Hierarchical Cross-Modal Alignment for Open-Vocabulary 3D Object Detection

Authors: Youjun Zhao, Jiaying Lin, Rynson W. H. Lau

AAAI 2025 | Venue PDF | Archive PDF | Plain Text | LLM Run Details

Reproducibility Variable Result LLM Response
Research Type Experimental Extensive experiments demonstrate that the proposed method outperforms SOTA methods on the existing OV-3DOD benchmarks. It also achieves promising OV-3DOD results even without any 3D annotations. We conduct extensive experiments on the OV-3DOD benchmarks. Our method achieves superior performances compared to existing state-of-the-art approaches, demonstrating its effectiveness for the OV-3DOD task.
Researcher Affiliation Academia Youjun Zhao*, Jiaying Lin*, Rynson W.H. Lau Department of Computer Science, City University of Hong Kong EMAIL, EMAIL, EMAIL
Pseudocode No The paper describes methods like Hierarchical Data Integration (HDI), Interactive Cross-Modal Alignment (ICMA), and Object-Focusing Context Adjustment (OFCA) using descriptive text and mathematical equations, but it does not include any explicitly labeled pseudocode or algorithm blocks.
Open Source Code Yes Code and Extended version https://youjunzhao.github.io/HCMA/
Open Datasets Yes Scan Net (Dai et al. 2017) is a widely used 3D object detection dataset. ... SUN RGB-D (Song, Lichtenberg, and Xiao 2015) is another popular 3D object detection dataset.
Dataset Splits No The paper mentions using ScanNet and SUN RGB-D datasets and conducting evaluations. It states "Our experimental setup follows that of OV-3DET (Lu et al. 2023) for fair comparison." However, it does not explicitly provide specific percentages, sample counts, or detailed methodologies for training, validation, and test splits within the provided text.
Hardware Specification Yes Experiments are conducted on a single RTX4090 GPU.
Software Dependencies No The paper mentions specific models like "3DETR (Misra, Girdhar, and Joulin 2021) as our 3D detector backbone" and "pre-trained CLIP image and text encoders," and an optimizer "Adam W optimizer." However, it does not provide specific version numbers for software libraries, programming languages (e.g., Python), or frameworks (e.g., PyTorch, TensorFlow).
Experiment Setup Yes We train our model using the Adam W optimizer with a cosine learning rate scheme.

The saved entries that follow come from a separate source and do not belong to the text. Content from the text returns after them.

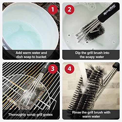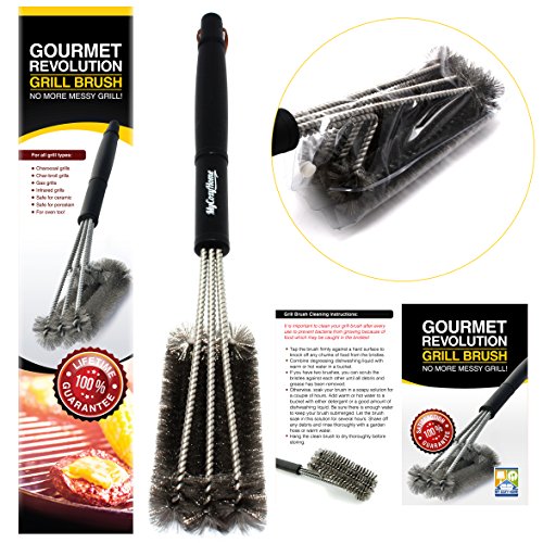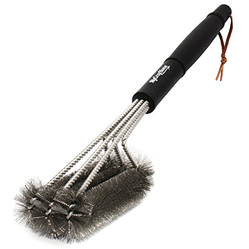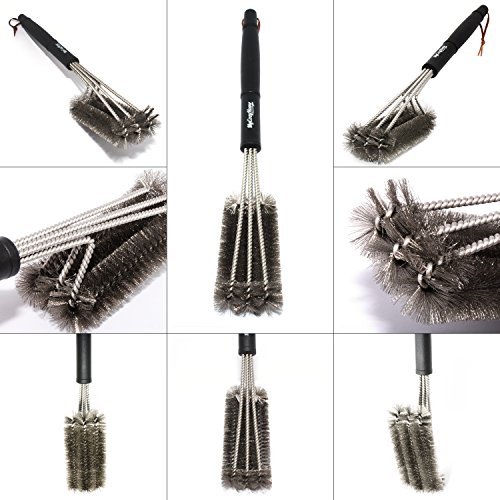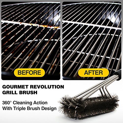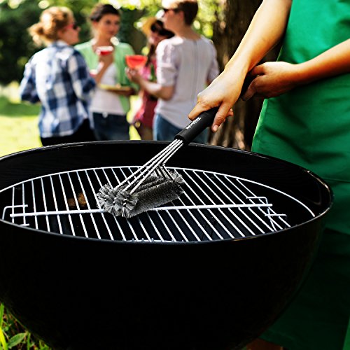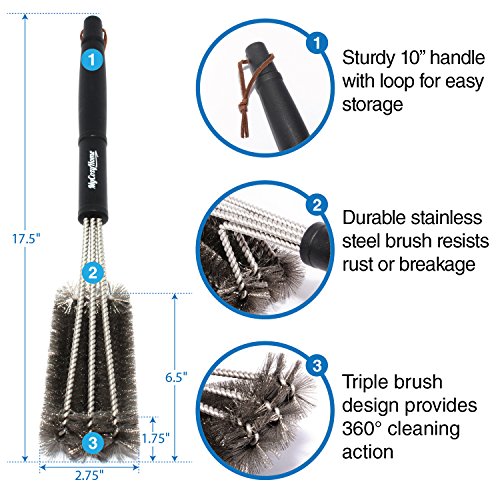 - EFFORTLESS CLEANING - Unique triple brush design provides 360° cleaning action. Clean the top, bottom, and sides of your grill grates simultaneously! And hard to reach areas are never a problem with this 17.5” brush.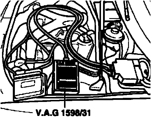 - Connect up test box V.A.G 1598/31 to wiring harness connectors. Engine control module is not to be connected. Connect ground clip of test box to ground (not shown in Fig.).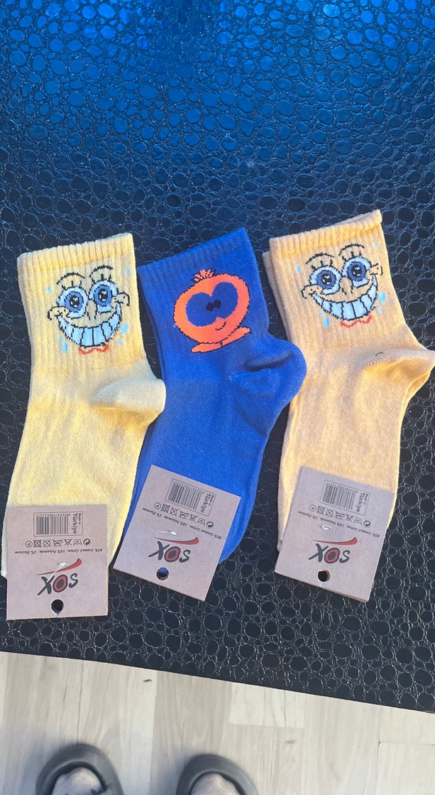 Yumuşak yünden yapılmış, mavi ve sarı tonlarında eğlenceli baskılı renkli kız çocuk çorapları.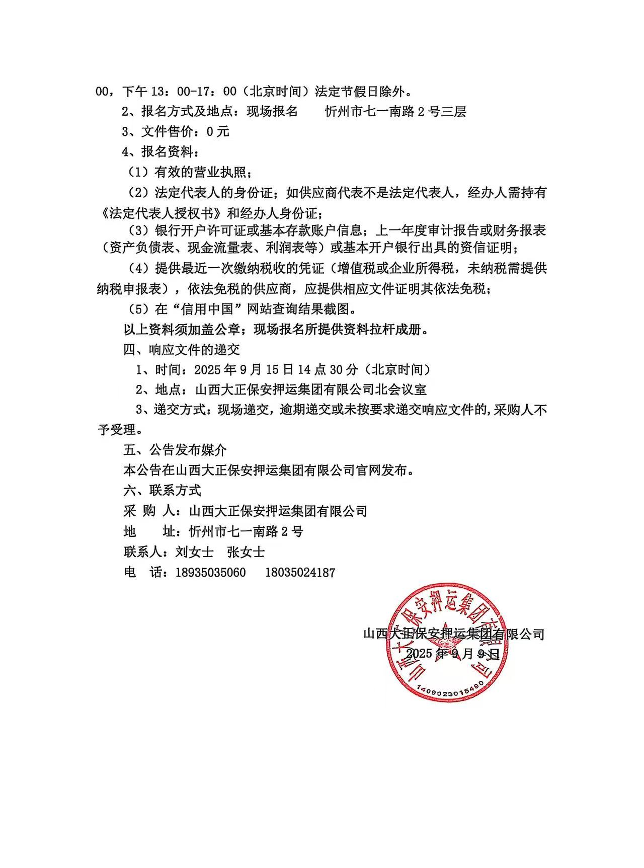 山西大正保安押運(yùn)集團(tuán)有限公司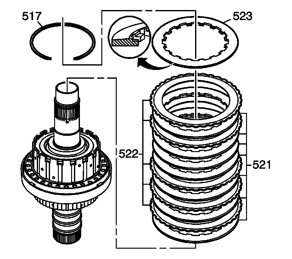 24. Assemble the 6 steel (521) and 6 new fiber (522) direct clutch plates into the input housing in alternating order beginning with a steel plate (521).

The base learning rate and the weight decay are set to 10 4 and 0.1, respectively. The temperature parameter τ is set to 0.1 in contrastive learning. We adopt 3DETR (Misra, Girdhar, and Joulin 2021) as our 3D detector backbone. The number of object queries for 3DETR is set to 128. Experiments are conducted on a single RTX4090 GPU. Our training epoch is the same as the baseline method OV-3DET.